2 replies on “Where did our love go?

  1. Great blog as always Barry. My feeling is that most clients drop out when the therapy is drifting and they aren’t getting what they need. Most clients see therapists as ‘experts’ (no matter how humanistic we are) so it can be hard to say they aren’t getting their therapeutic needs met (unless asked). Most therapists are also nice people (I have met some who aren’t !- but that’s rare) so my guess is that many clients also feel bad about saying “this isn’t working for me”. I have found the solution is very much as you suggest, checking in how the therapies going, are we talking about the right area’s ?, is it helpful ? If so how is it helpful?.

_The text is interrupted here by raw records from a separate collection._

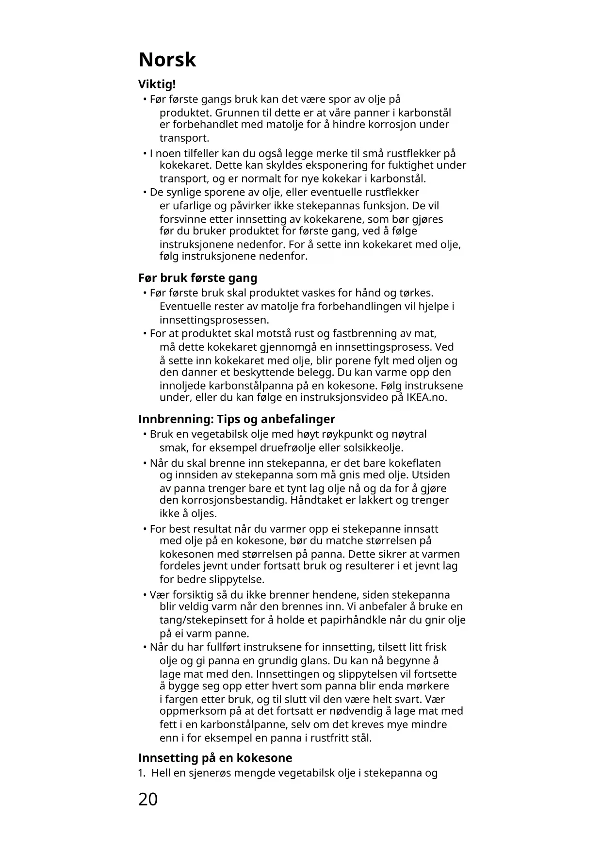 - For at produktet skal motstå rust og fastbrenning av mat, må dette kokekaret gjennomgå en innsettingsprosess. Ved å sette inn kokekaret med olje, blir porene fylt med oljen og den danner et beskyttende belegg. Du kan varme opp den innoljede karbonstålpanna på en kokesone. Følg instruksene under, eller du kan følge en instruksjonsvideo på IKEA.no. Innbrenning: Tips og anbefalinger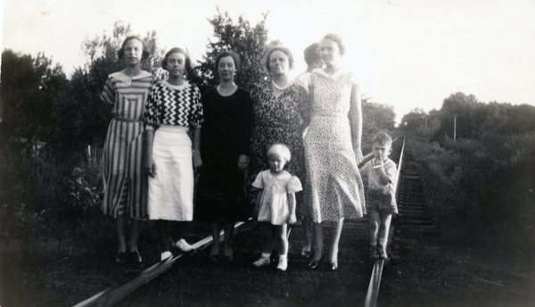 This looks to be a picture of the usual Moffett and Gibbs clan with Mrs. McGinty, the wife of the Sand Spring Church pastor.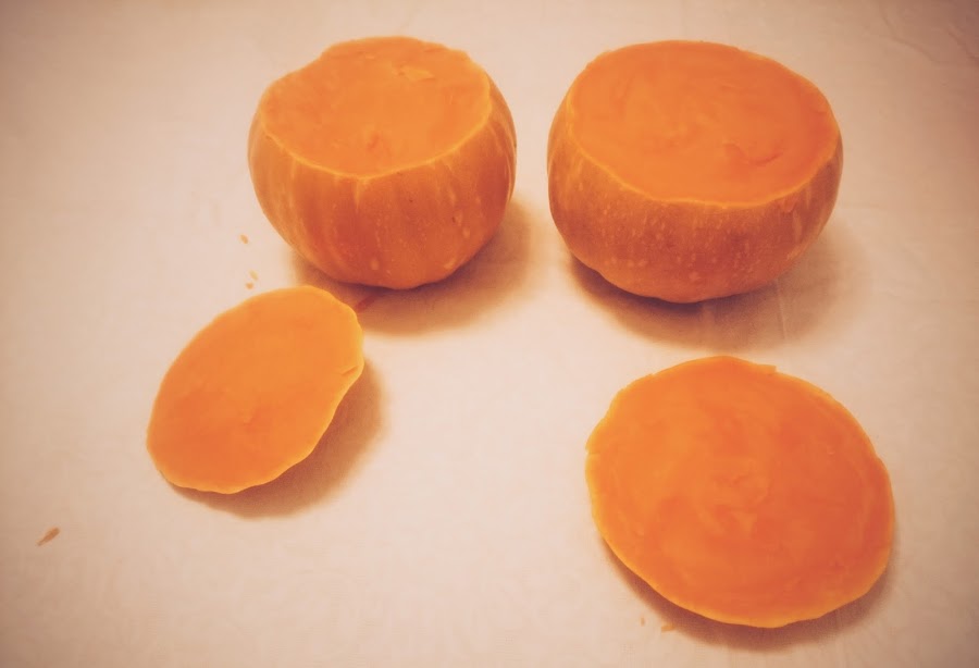 Estas son nuestras calabazas, nosotros las hemos conseguido en el Lidl. Se suponen que son especiales para Halloween, pero se ve que ni eran tan naranjas como las de las películas, ni tan maduras, por lo que estaban algo durillas.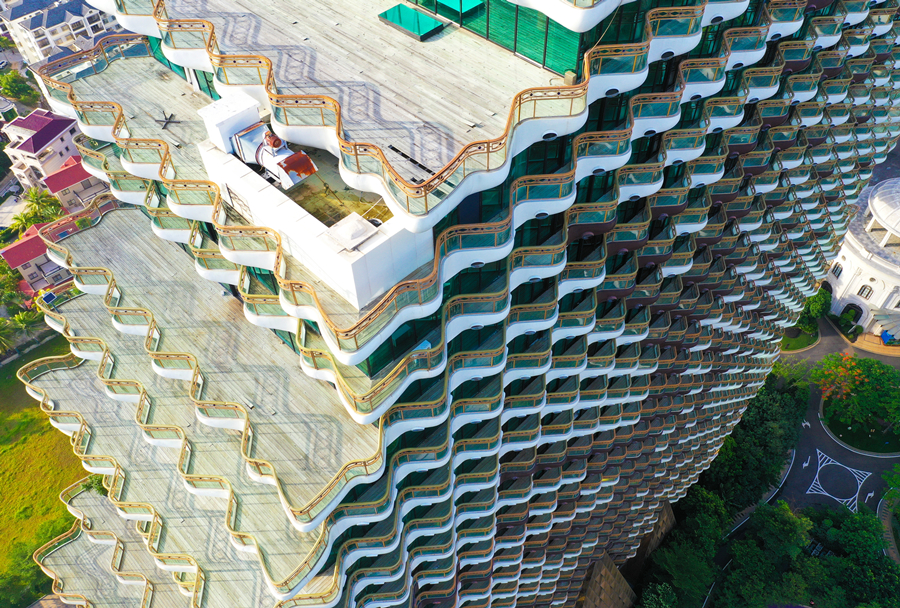 2020年7月20日,海南省三亞市,圖為航拍的“九棵大樹”建筑群。建筑物陽臺(tái)均為波浪形,視野良好,契合三亞“海”的屬性。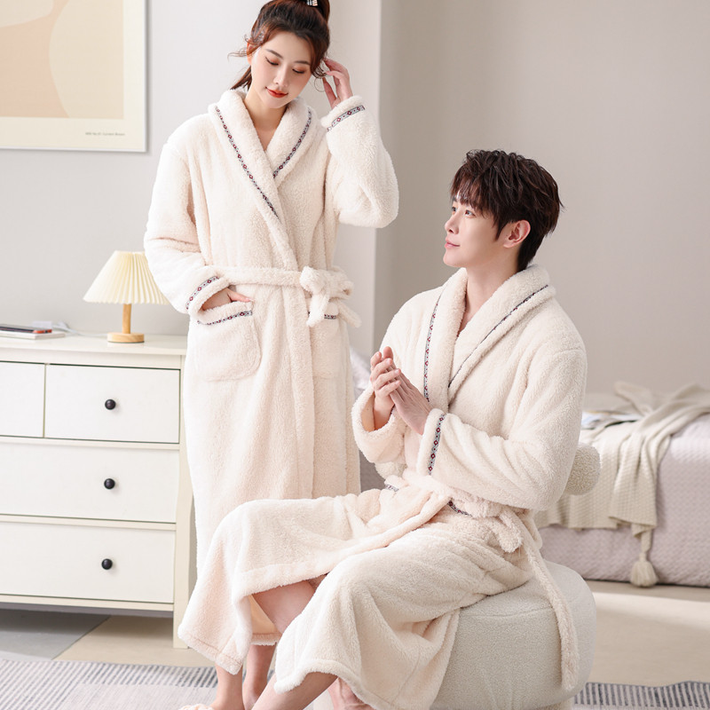 情侣睡袍秋冬季珊瑚绒浴袍加厚加长款酒店风女法兰绒睡衣男家居服

    Another aspect I think is very important is being flexible to clients changing circumstances where possible. As Erving Yalom says ‘Boundaries need to be established and respected, but when the situation requires it, we must be willing to be flexible, creative, and individualised with the therapy we offer’ (The Gift of Therapy 2002) To give an example I recently changed three clients session times because their work situations had all changed (2 had got jobs, the others job location changed). If I hadn’t done so, my guess is all three would have been unable to continue, all continued therapy and are progressing well. All that required was me working slightly later one evening of a work day (I took an extra hour off in the morning) I could have said ‘no these are the times I work’ while strong boundaries are very important, sometimes ‘boundaries’ can also end up being barriers’.

  2. Thanks for your comments Graeme. I completely agree with your thoughts on clients reluctance to challenge us. There’s a power imbalance that we need to be mindful of at work, whether we like it or not.

    Yalom has it exactly right. Boundaries for the sake of boundaries serve no purpose. Many of my clients work shifts and regular appointments are nigh on impossible. I’m really pleased you’re willing and able to flex. We need more responsiveness of this kind!